2. The actuating unit according to claim 1 wherein the plurality of
actuators include: at least one first actuator adapted to
selectively control the distribution of the conditioned air to the
motor vehicle; at least one second actuator adapted to selectively
control blending of heated air and cooled air from the heating and
air conditioning system prior to the heated air the cooled air
being distributed to the motor vehicle by the first actuators.
3. The actuating unit according to claim 2 wherein the first
actuator and the second actuator are pivoting doors that can be
selectively positioned to open, close, and partially restrict the
air flow paths within the heating and air conditioning system.

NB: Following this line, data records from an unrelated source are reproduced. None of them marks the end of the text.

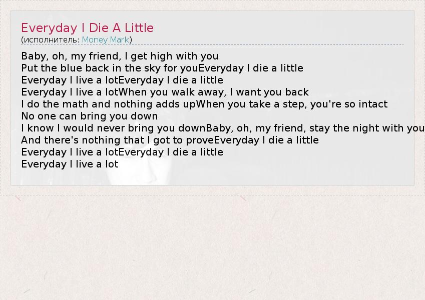 А как ты думаешь, о чем песня "Everyday I Die A Little" ?
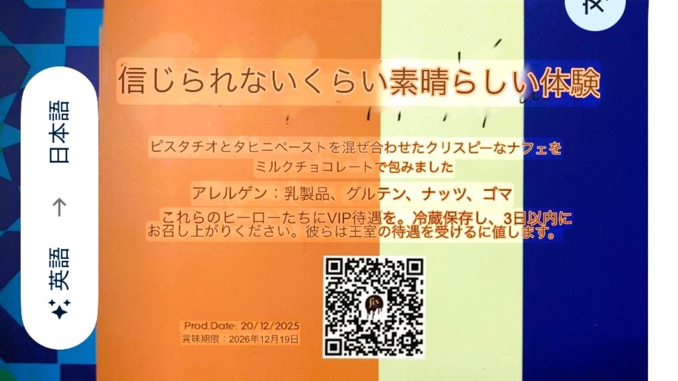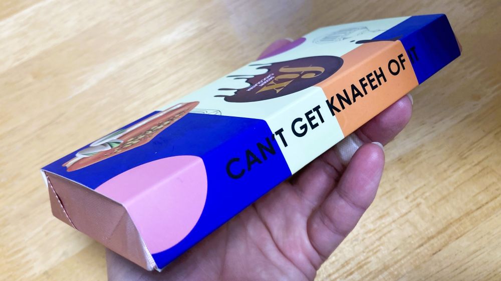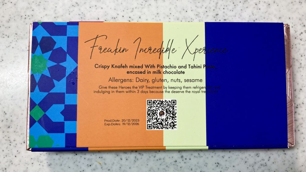 すると、1枚約7,000円。現地ガイドさんも言っていましたが、FIXのチョコレートは、ドバイモールなどの店舗では値段が高いそうです。ただ、ガイドさんが注文してくれたのは代表作の「Can’t Get Knafeh of It」(ピスタチオとタヒニ入りクリスピー・クナーフェ、ミルクチョコレート)1種類のみでしたが、ドバイモールではいろんな種類のチョコレートが売っていて見ていて楽しかったです。
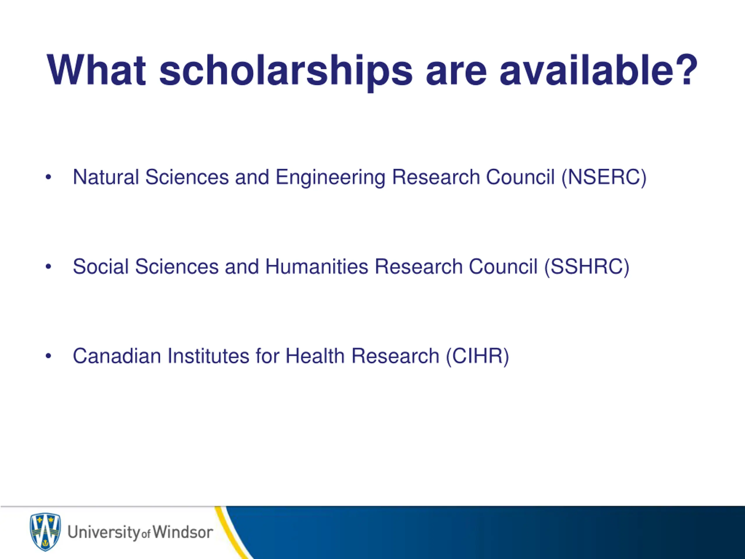 What scholarships are available? Natural Sciences and Engineering Research Council (NSERC) Social Sciences and Humanities Research Council (SSHRC) Canadian Institutes for Health Research (CIHR)
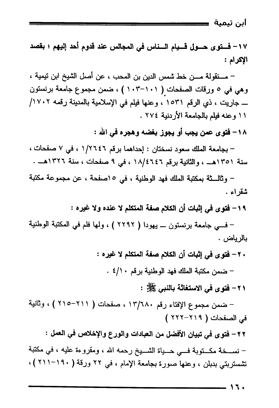 - ضمن مجموع الإفتاء رقم 680/13، صفحات (211-215) ، وثانية في الصفحات (219-222)
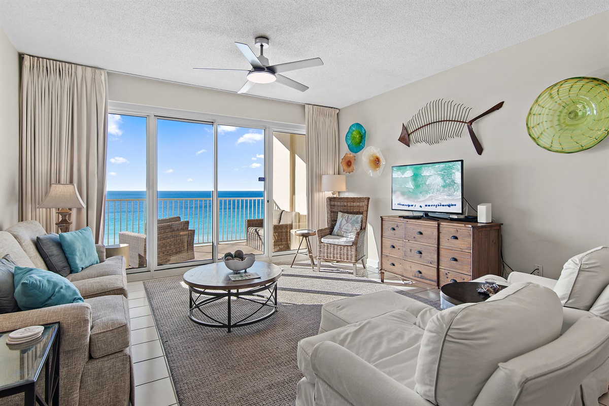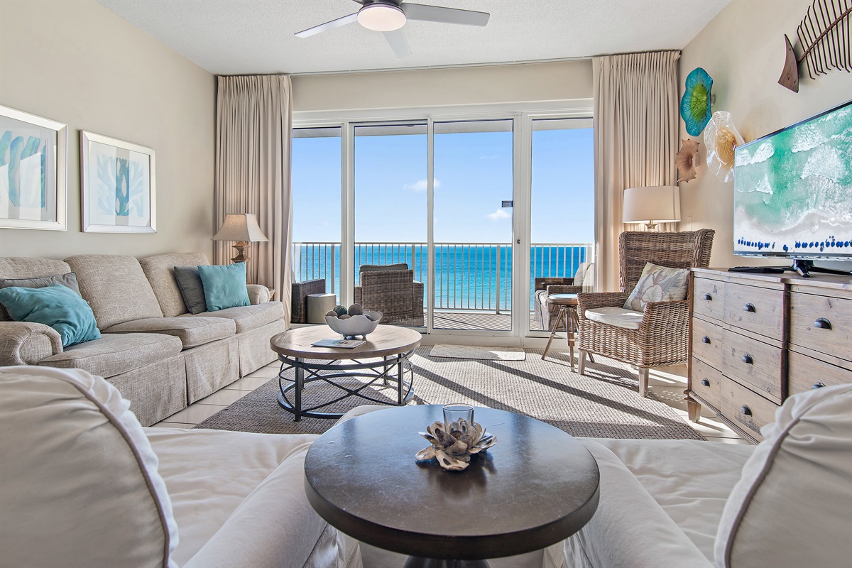 2 Bedrooms • 2 Bathrooms 2 Baths • Sleeps 1-6Soak up the gorgeous beachfront views of the Emerald Coast from Tides 802! You will not be disappointed with what this beautiful unit has to offer. Whether you are a sunrise coffee drinker or a sunset wine drinker, this balcony view is worthy of great camera shots!
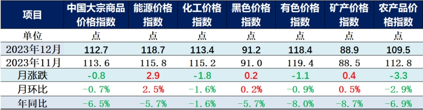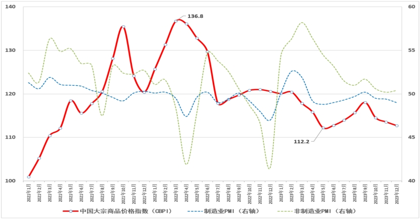 由中物聯大宗分會和上海鋼聯等單位聯合調查,中國物流與采購聯合會發布的2023年12月份中國大宗商品價格指數(CBPI)為112.7,較上月環比小幅回落0.7%,較去年同比下跌6.5%。從指數運行情況來看,盡管受世界經濟放緩擔憂、極端寒潮氣候、年底資金回籠等多方面因素影響,指數連續三月下跌,但仍高于年內低點,表明宏觀經濟運行整體相對穩定,多數企業對后市持樂觀預期。隨國家擴內需、促增長等各項措施政策持續發力,且制造業企業原材料成本壓力較去年同期明顯改善,預計市場價格整體下行空間有限,大宗市場回穩向好基礎進一步穩固。
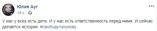Актриса «Гоголь-центра» Юлия Ауг также поддержала Ивана Голунова, отметив, что «сейчас делается история».
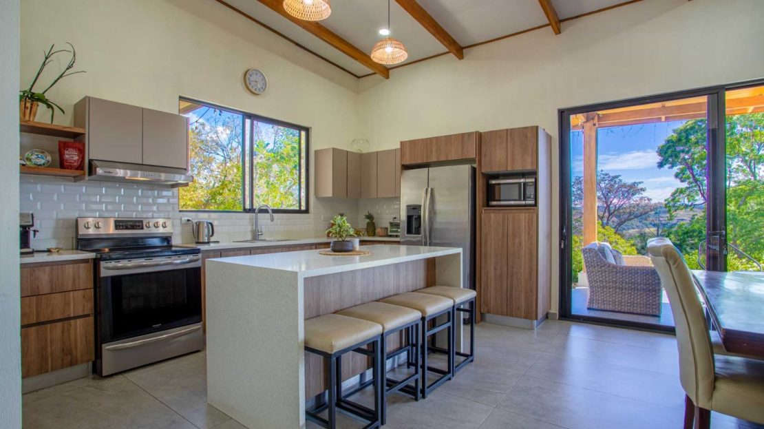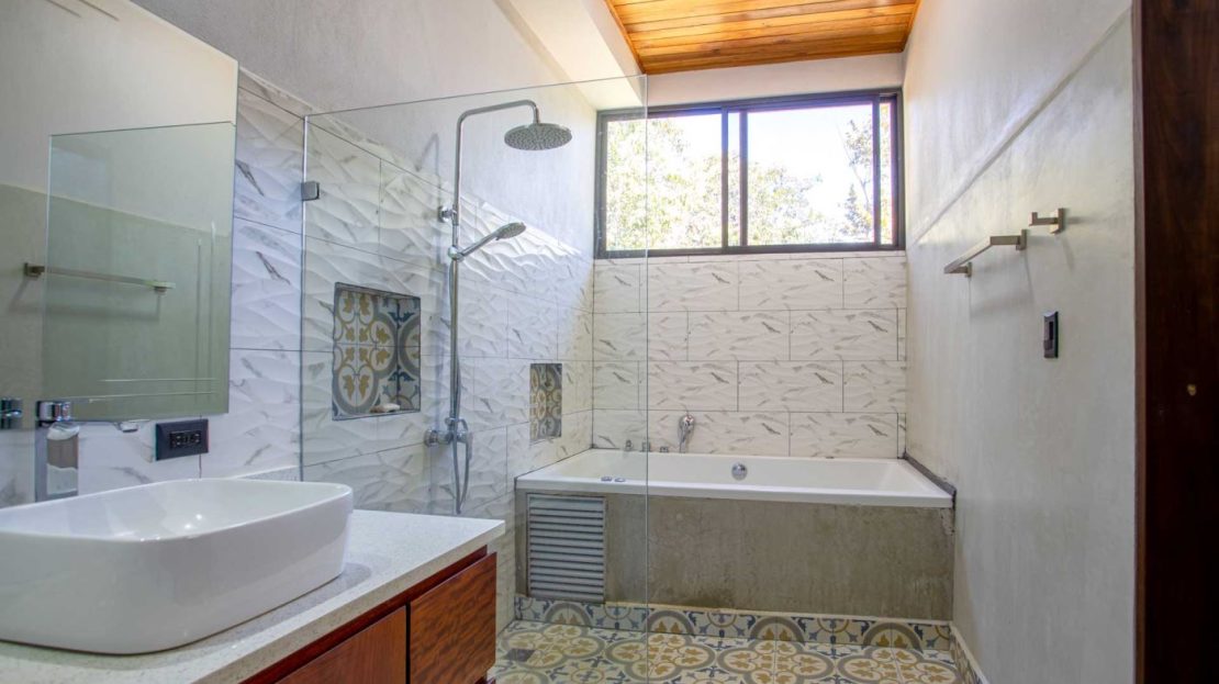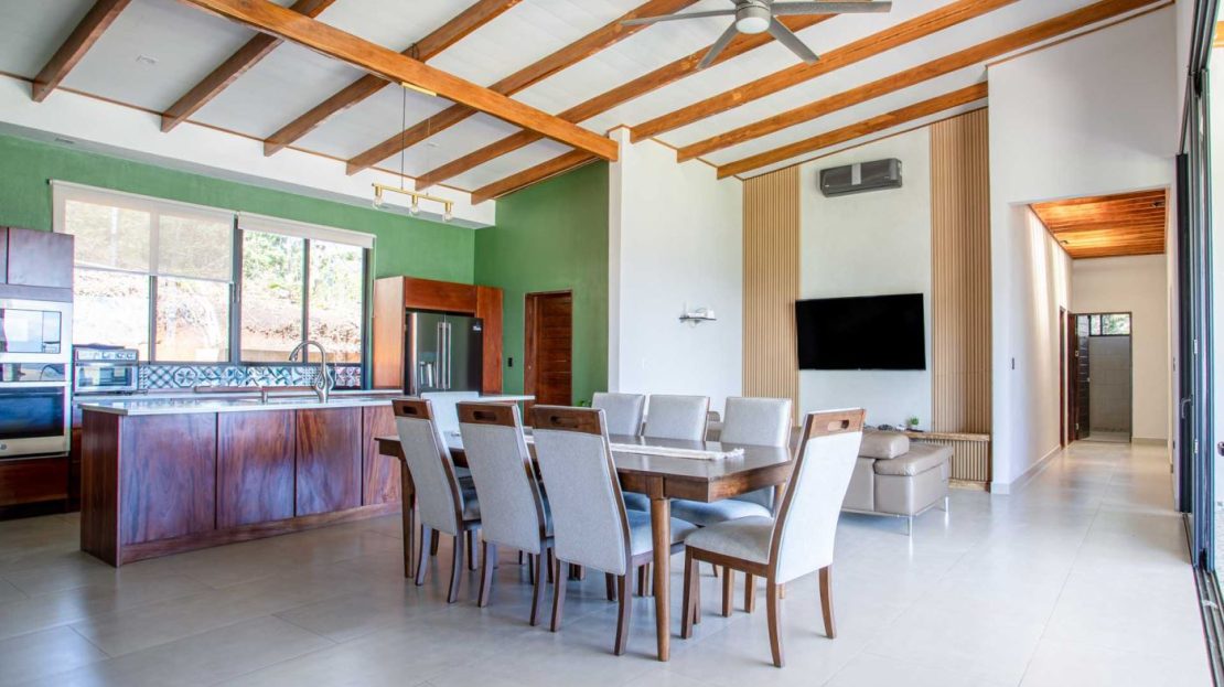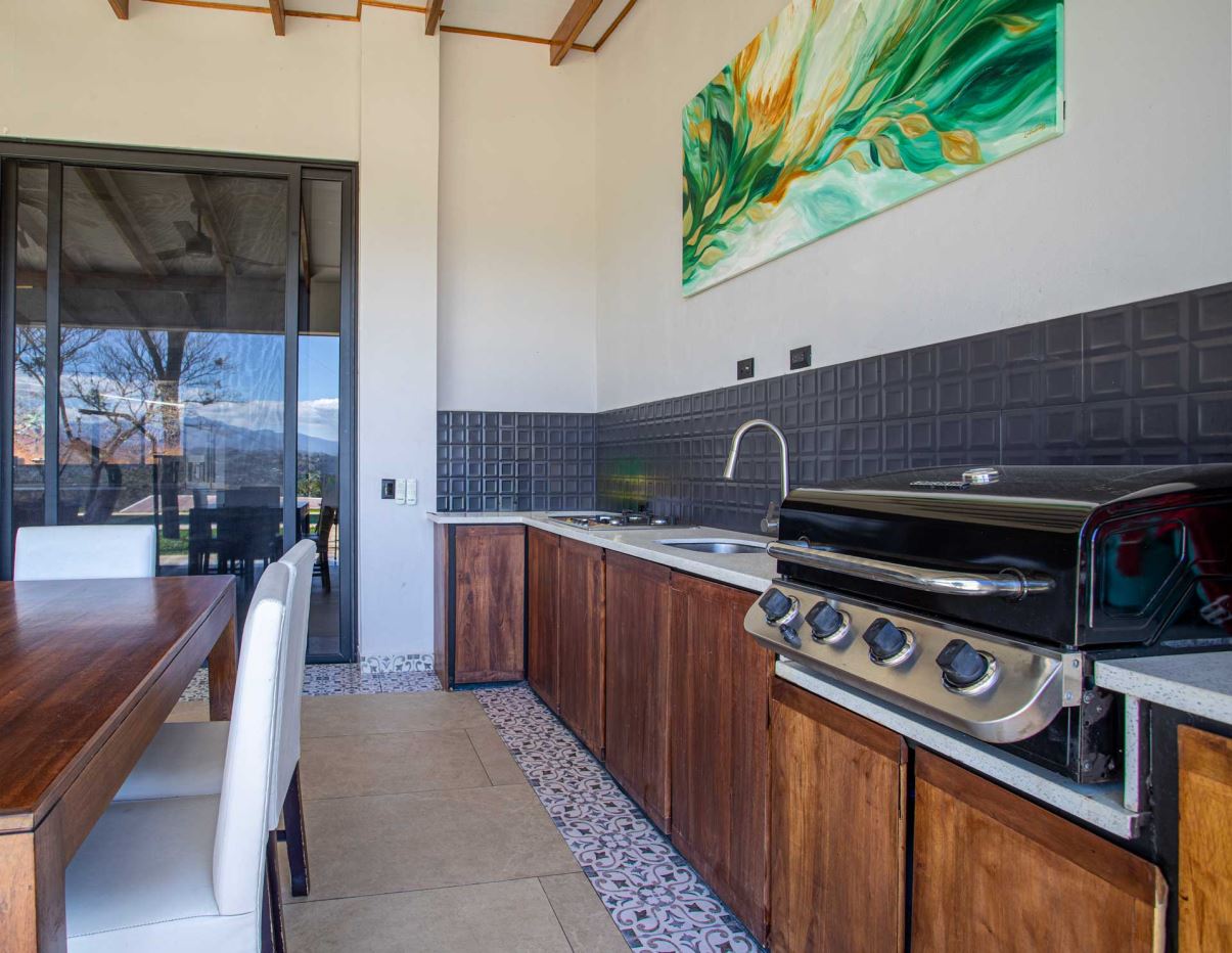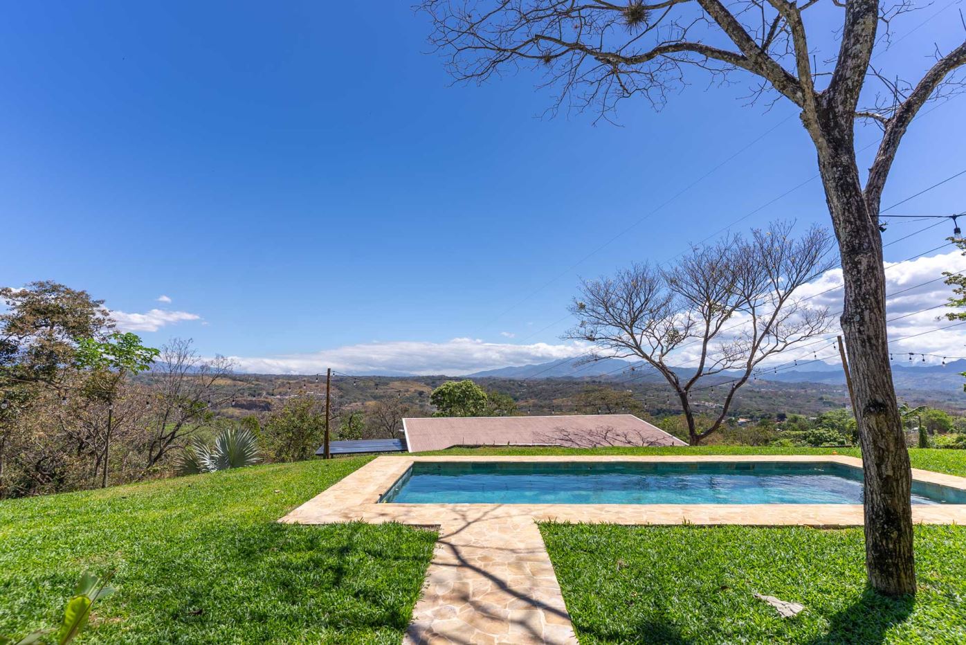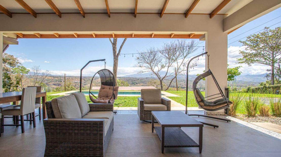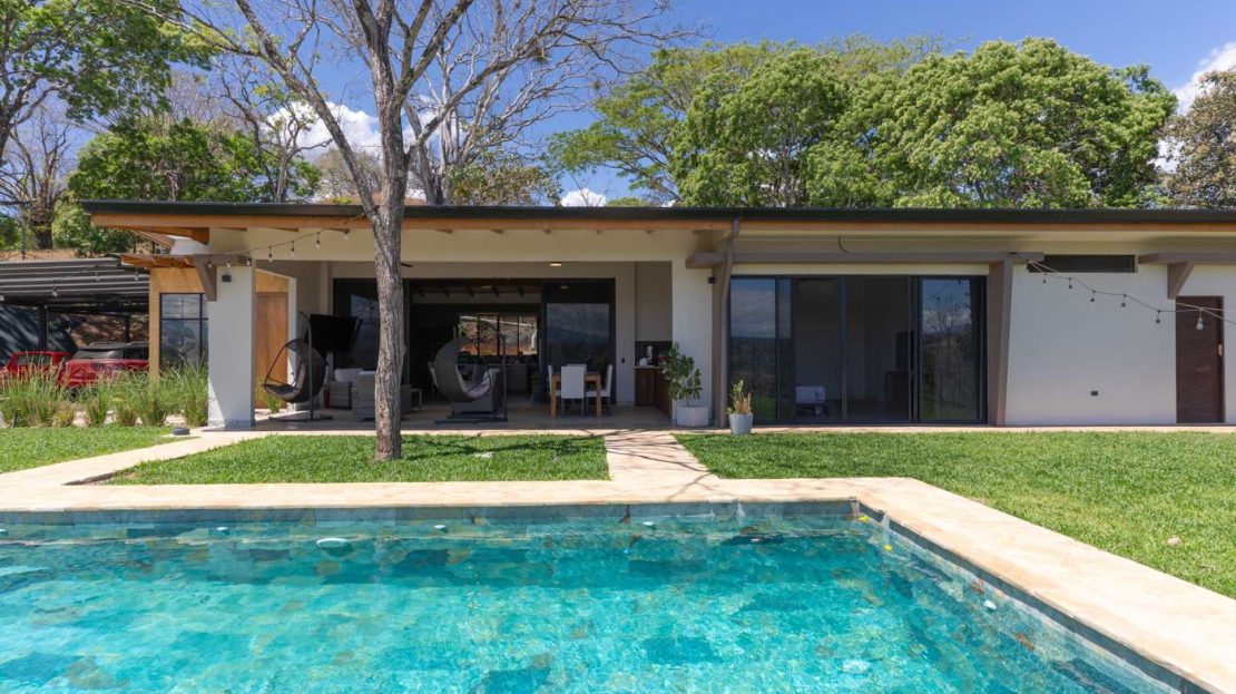 Eclectic modern meets traditional home with views in a farm setting located no more than 5 minutes from Atenas Center and 5 minutes from the new highway 27. The home features two private gates that leads to a hilltop with views of the Central Valley mountains and much of San Jose. The nice size yard is nicely landscaped throughout. The artesenal main formal entry wooden door leads to a inner terranium and office nook. The open living room has plenty of space for the formal dining room, living room and ample modern kitchen. There is nicely finished woodwork throughout the outside and inside of the home. The main extra large master bedroom suite leads to a bathroom with shower and tub and two double sinks with an added walk in closet. There are two nice size guest rooms with guest bathroom. There is an added room for an office or any other use with a third adjacent full bathroom. Outside there is a half bathroom for pool use. Come find your new Atenas home in Costa Rica!
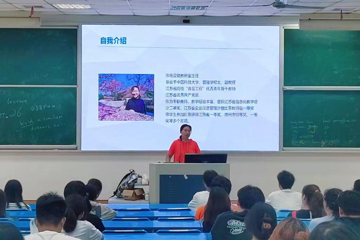 市场营销教研室主任金志芳分别从专业需求、培养目标、课程体系、实训条件四个方面介绍了专业人才培养方案和专业建设与发展情况,常州中天日新汽车有限公司周伟良副总经理以企业管理人员和学长的角度从学什么、具备什么、圈重点三个方面为学生在校学习和实践提供了指导建议。
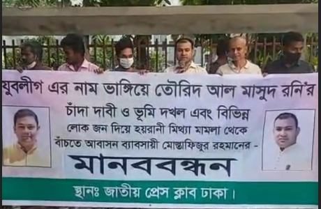 পদ প্রত্যাশী সাবেক যুবলীগ নেতা রনি’র বিরুদ্ধে চাঁদা দাবি ও ভুমি দখলের অভিযোগে মানববন্ধন

4. The actuating unit according to claim 1 wherein the coupling
element is a gear, the gear including at least one closed-track cam
drive disposed thereon.
5. The actuating unit according to claim 4 wherein the first
actuator is functionally connected to the coupling element by at
least one lever in communication with the closed-track cam, and the
second actuator is functionally connected to the coupling element
by at least one lever and at least one connecting element in
communication with the closed-track cam, the lever and the
connecting element adapted to manipulate the first actuator and the
second actuator upon a rotational movement of the coupling
element.
6. The actuating unit according to claim 5 wherein the rotational
movement of the coupling element separately manipulates the first
actuator and the second actuator.
7. The actuating unit according to claim 1 wherein the coupling
element is in electrical communication with the actuating
element.
8. The actuating unit according to claim 1 wherein the coupling
element is in mechanical communication with the actuating
element.
9. The actuating unit according to claim 2 wherein the actuating
element is selectively positionable between a first stop and a
second stop, each position of the actuating element therebetween
corresponds to both a position of the first actuator to distribute
air to the motor vehicle, and a position of the second actuator to
blend the heated air and the cooled air to a desired
temperature.
10. The actuating unit according to claim 2 wherein at least two
different positions of the actuating element provide a different
blend of the heated air and the cooled air and distribute the
blended air to different air flow paths within the heating and air
conditioning system.
11. The actuating unit according to claim 1 wherein the actuating
element is configured as a rotary knob.
12. The actuating unit according to claim 1 wherein the actuating
element is configured as a slide control.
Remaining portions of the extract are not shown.